• [PROMPT]:
Quote each line of the material verbatim, without the pictures.
BEGIN DATA UNDER STUDY
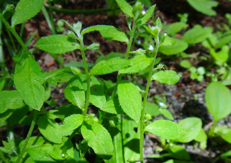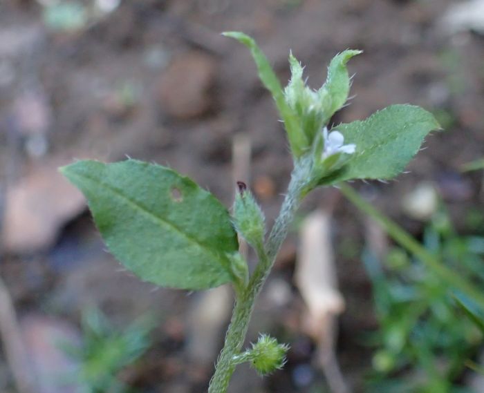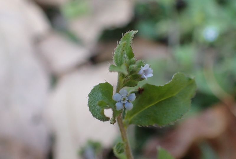 茎先では葉の上に乗るように咲く。茎や葉などに伏毛が多い。(2017/4/22)
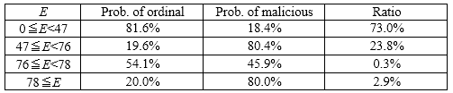 As the result, we can get the value of entropy for a target session. Then we judge it whether ordinal or malicious by using its entropy. The detection using only entropy distribution, the experience of the staff is necessary and there is no objectivity. Therefore, we use judgement method based on probability. Let PO(E) be the probability of ordinal session when the value of entropy is equal to E. And let PM(E) be the probability of malicious session.
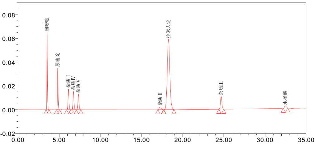 拉米夫定及其杂质(胞嘧啶、尿嘧啶、拉米夫定、水杨酸、拉米夫定杂质Ⅰ-Ⅴ)混合物色谱图
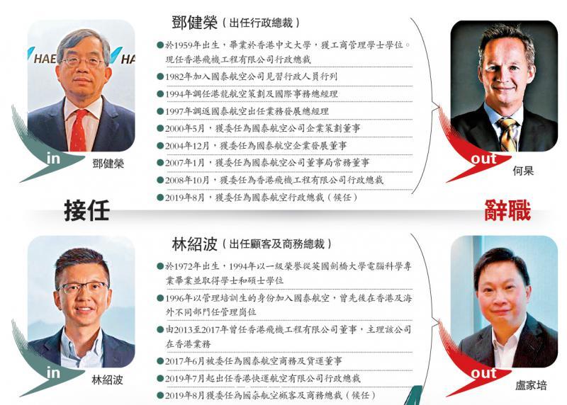 國泰多名員工近月牽涉連串違法亂港醜聞,國泰航空兩名管理層昨日引咎辭職!國泰航空昨日發表公告,宣布管理高層人事變動,指董事局已接受何杲辭任行政總裁,以及盧家培辭任顧客及商務總裁,並於8月19日起生效。何杲和盧家培同時確認,其呈...[详细]
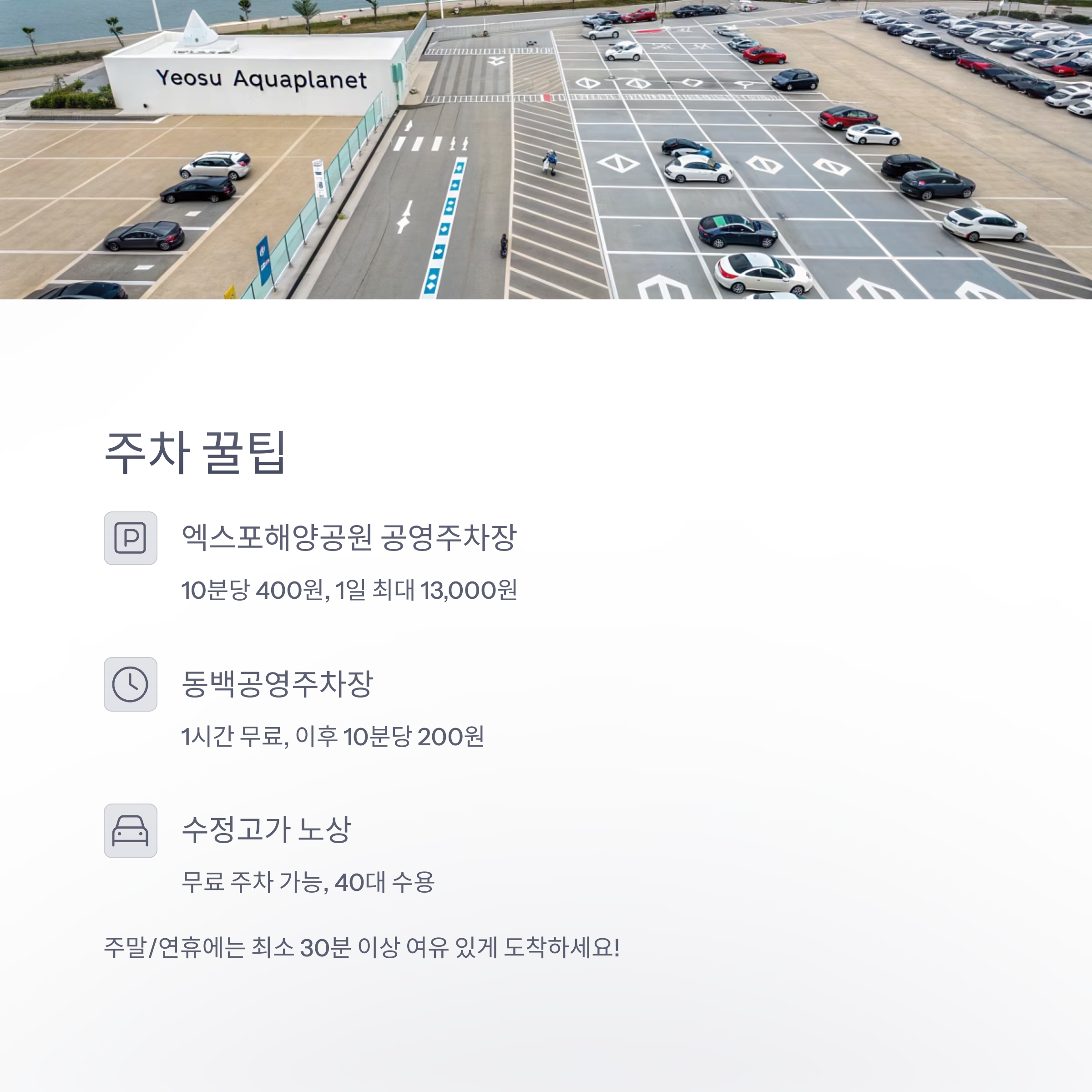 | 야외주차장 | 여수시 수정동 777-1 | 10분당 400원 / 1일 최대 13,000원 |
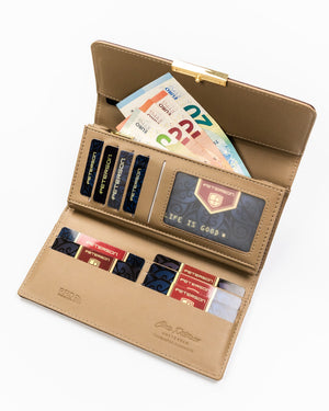 Šis elegantais sieviešu maks ir izgatavots no augstas kvalitātes eko ādas, kas nodrošina izturību un stilīgu izskatu. Bēšā krāsa piešķir makam neuzkrītošu un daudzpusīgu izskatu, tāpēc tas lieliski piestāvēs dažādiem apģērba stiliem.
END DATA UNDER STUDY
• [RESULT OF THIS EXERCISE]:
 茎先では葉の上に乗るように咲く。茎や葉などに伏毛が多い。(2017/4/22)
 As the result, we can get the value of entropy for a target session. Then we judge it whether ordinal or malicious by using its entropy. The detection using only entropy distribution, the experience of the staff is necessary and there is no objectivity. Therefore, we use judgement method based on probability. Let PO(E) be the probability of ordinal session when the value of entropy is equal to E. And let PM(E) be the probability of malicious session.
 拉米夫定及其杂质(胞嘧啶、尿嘧啶、拉米夫定、水杨酸、拉米夫定杂质Ⅰ-Ⅴ)混合物色谱图
 國泰多名員工近月牽涉連串違法亂港醜聞,國泰航空兩名管理層昨日引咎辭職!國泰航空昨日發表公告,宣布管理高層人事變動,指董事局已接受何杲辭任行政總裁,以及盧家培辭任顧客及商務總裁,並於8月19日起生效。何杲和盧家培同時確認,其呈...[详细]
 | 야외주차장 | 여수시 수정동 777-1 | 10분당 400원 / 1일 최대 13,000원 |
 Šis elegantais sieviešu maks ir izgatavots no augstas kvalitātes eko ādas, kas nodrošina izturību un stilīgu izskatu. Bēšā krāsa piešķir makam neuzkrītošu un daudzpusīgu izskatu, tāpēc tas lieliski piestāvēs dažādiem apģērba stiliem.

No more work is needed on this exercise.